---------- Material shown

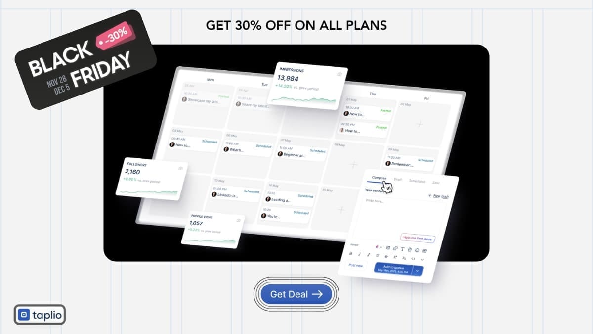 Taplio is an all-in-one LinkedIn growth tool that helps you write posts easier, respond to comments faster, and grow your brand without the burnout.
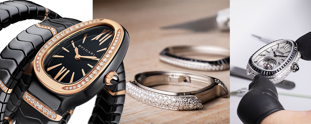 Il colore nero è il protagonista nelle collezioni Bulgari di quest’anno. Tre modelli diversi di orologi firmati Bulgari usano questo colore iconico: il nero in Bulgari si fonde con i più svariati materiali e veste le collezioni di Serpenti Seduttori, Serpenti Spiga e Bulgari Bulgari. Tre modelli perfetti per descrivere un’orologeria misteriosa e senza tempo. Nella collezione Serpenti Seduttori Tourbillon il nero crea un effetto scintillante grazie a una contrapposizione affascinante tra diamanti e spinelli neri.
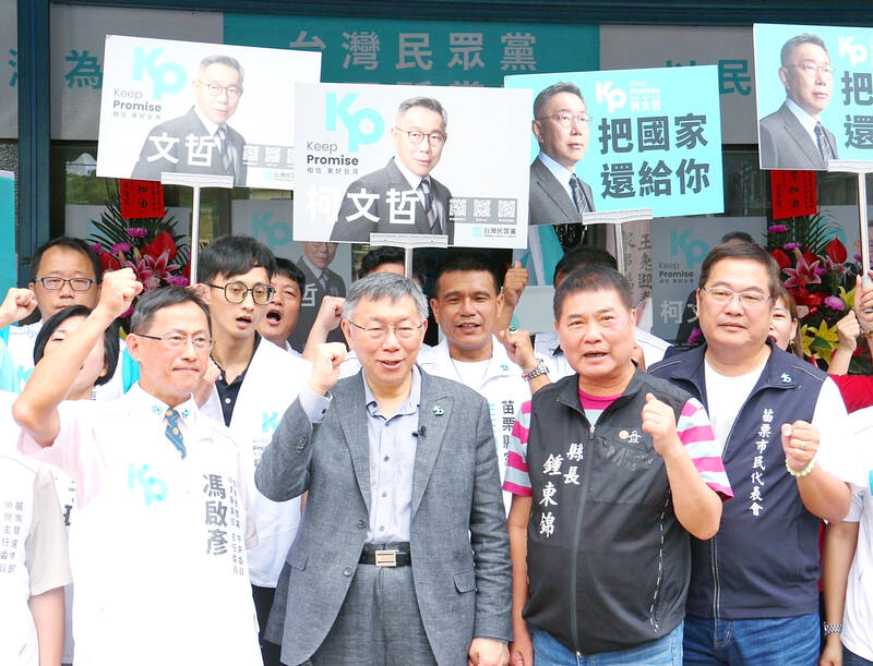 The committee proposal is aimed to help the two parties discuss how to allocate government posts if they win the presidential election against the ruling Democratic Progressive Party (DPP), Ko’s spokesperson Vicky Chen (陳智菡) said.
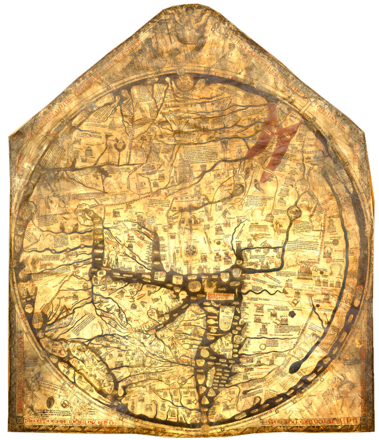 Today, maps of large areas are almost always drawn with north at the top, but that was not the case in the past. In the famous 1300 AD Mappa Mundi in Hereford Cathedral, England, for example, the top of the map is East. At that time most maps were drawn by people connected to the church, and to them the most important place to know about was Jerusalem, where Christ lived. So on this map (called a "T-O" map), Jerusalem is at the centre, east is at the top, Europe is at the bottom left and Africa is on the right. (The Americas and Australasia were not known about at this time in Europe).
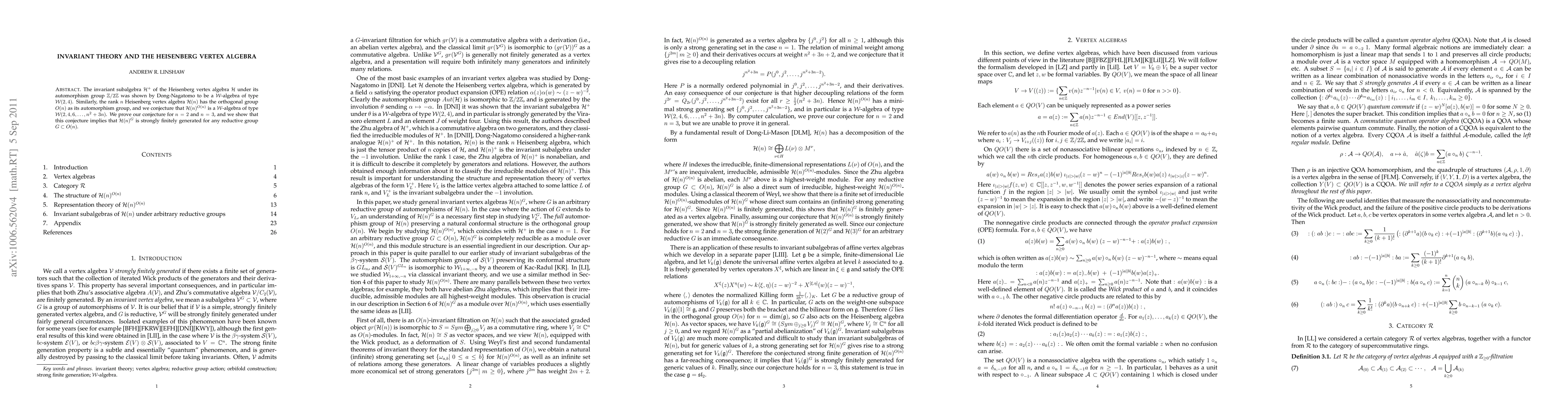 The invariant subalgebra H^+ of the Heisenberg vertex algebra H under its automorphism group Z/2Z was shown by Dong-Nagatomo to be a W-algebra of type W(2,4). Similarly, the rank n Heisenberg vertex algebra H(n) has the orthogonal group O(n) as its automorphism group, and we conjecture that H(n)^{O(n)} is a W-algebra of type W(2,4,6,...,n^2+3n). We prove our conjecture for n=2 and n=3, and we show that this conjecture implies that H(n)^G is strongly finitely generated for any reductive group G\subset O(n).
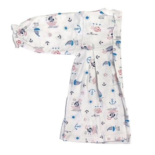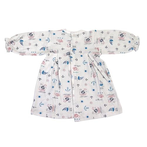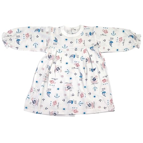 Papillon - Papillon Cotton Long Sleeves Dress Printed Boats For Girls-White-New Born
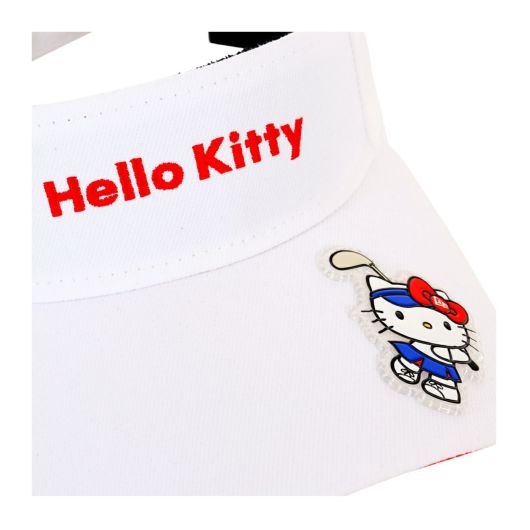 ハローキティとのコラボレーションコレクション。本コラボレーションのために描き起こされたニューエラキャップをかぶったハローキティ、ハローキティのアイコンでもあるリボンやりんごモチーフとニューエラロゴを組み合わせたデザインなど、コラボレーションならではのデザイン。バイザーを通常より10mm長い仕様にアレンジしたサンバイザー。日光の遮蔽効果に優れています。リアのベルクロストラップで頭回り約52cmから55.8cmまでサイズ調整が可能です。
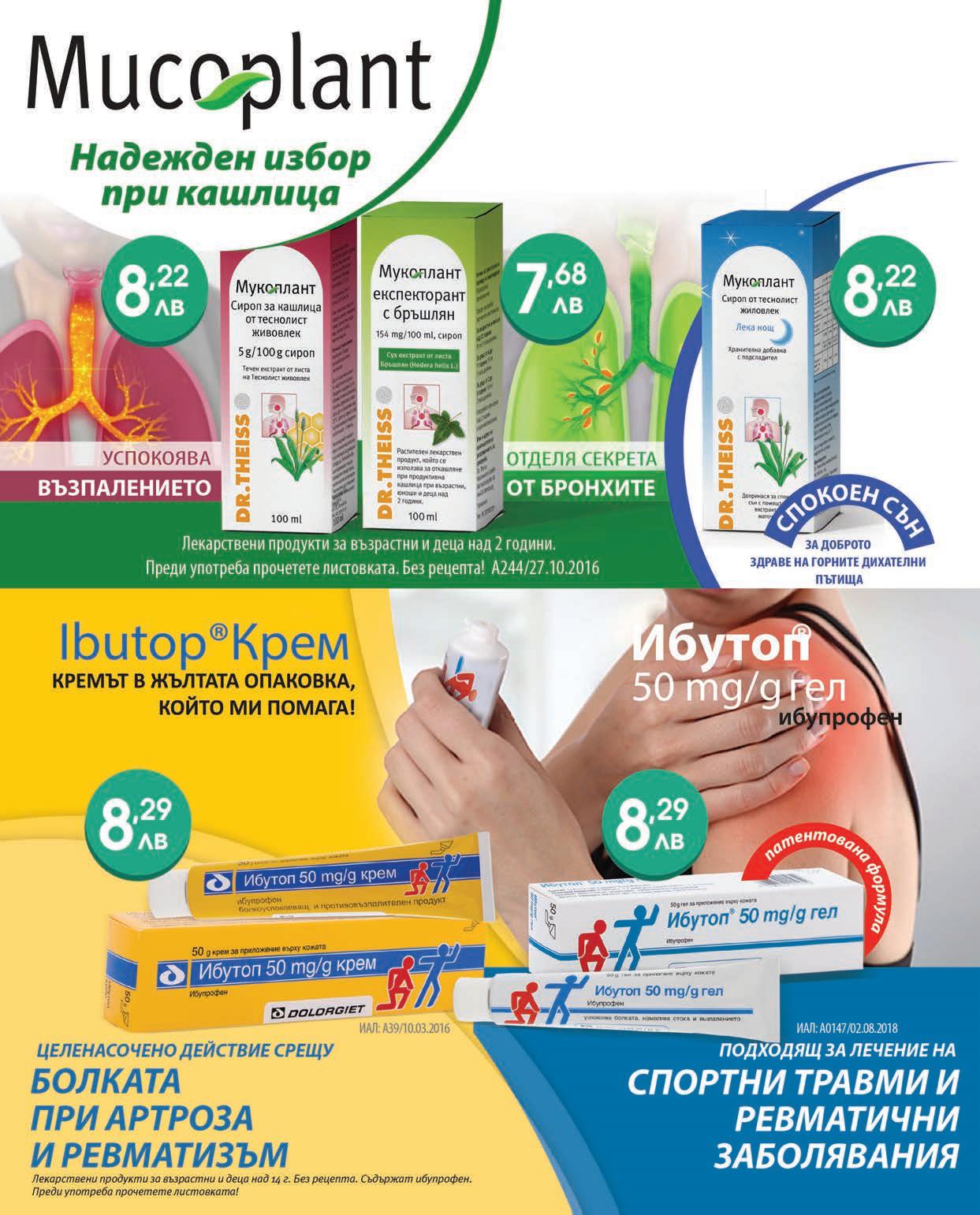 Януари Лекарствен продукт без лекарско предписание Бестарен табл. 25 мг х 10 Бронховитал Макс сироп 200 ml Бронховитал Кидс Универсал сироп 100 ml Бронховитал Кидс Имуно сироп 100 ml Пчелен прашец с Пробиотик 60 бр капсули Бързо облекчава болката В г ърба В кръста Ставите За силен имунитет и пречистване Подпомага самоочистващата функция на дихателните пътища За чис ти бронхи и ефективен имунен отговор За деца над 1 година Подпомага самоочистващата функция на дихателните пътища Улеснява отхрачването За с уха и влажна кашлица За възрастни и деца над 12 години За уши, нос и г ърло Подкрепя естествените пречистващи функции на лигавиците на дихателните пътища – на носа, гърлото, трахеята и бронхите За деца над 1 година 200 Милиарда CFU Хранителна добавка Бленд с Пчелен Прашец и
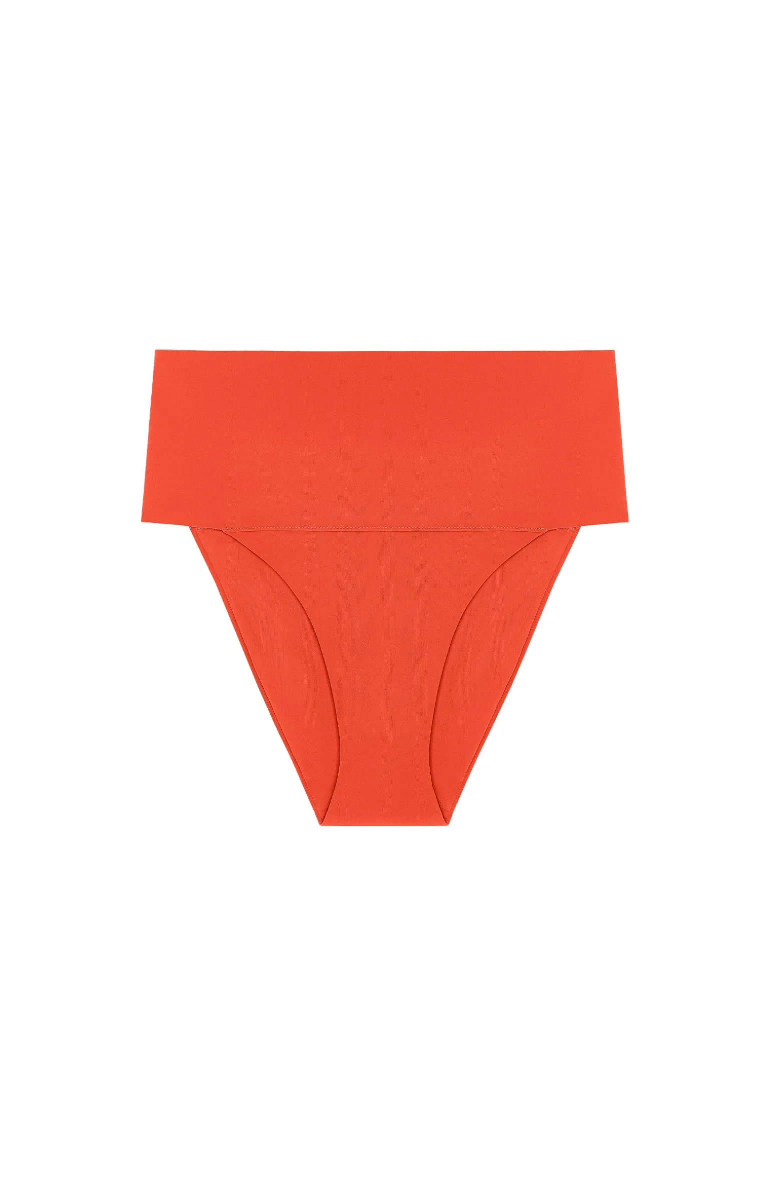 - Bas de maillot taille haute droite avec large bande rabattable en bonded
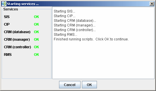 Click on the Ok button and a status popup appears with the results of each service start operation (see below.)

--------------------

In the entries above, find the line with "Papillon - Papillon" and the line with "ハローキティとのコラボレーシ". Write out exactly those two lines and every line between them, pictures excluded.

▸ **Result for this exercise**:
 Papillon - Papillon Cotton Long Sleeves Dress Printed Boats For Girls-White-New Born
 ハローキティとのコラボレーションコレクション。本コラボレーションのために描き起こされたニューエラキャップをかぶったハローキティ、ハローキティのアイコンでもあるリボンやりんごモチーフとニューエラロゴを組み合わせたデザインなど、コラボレーションならではのデザイン。バイザーを通常より10mm長い仕様にアレンジしたサンバイザー。日光の遮蔽効果に優れています。リアのベルクロストラップで頭回り約52cmから55.8cmまでサイズ調整が可能です。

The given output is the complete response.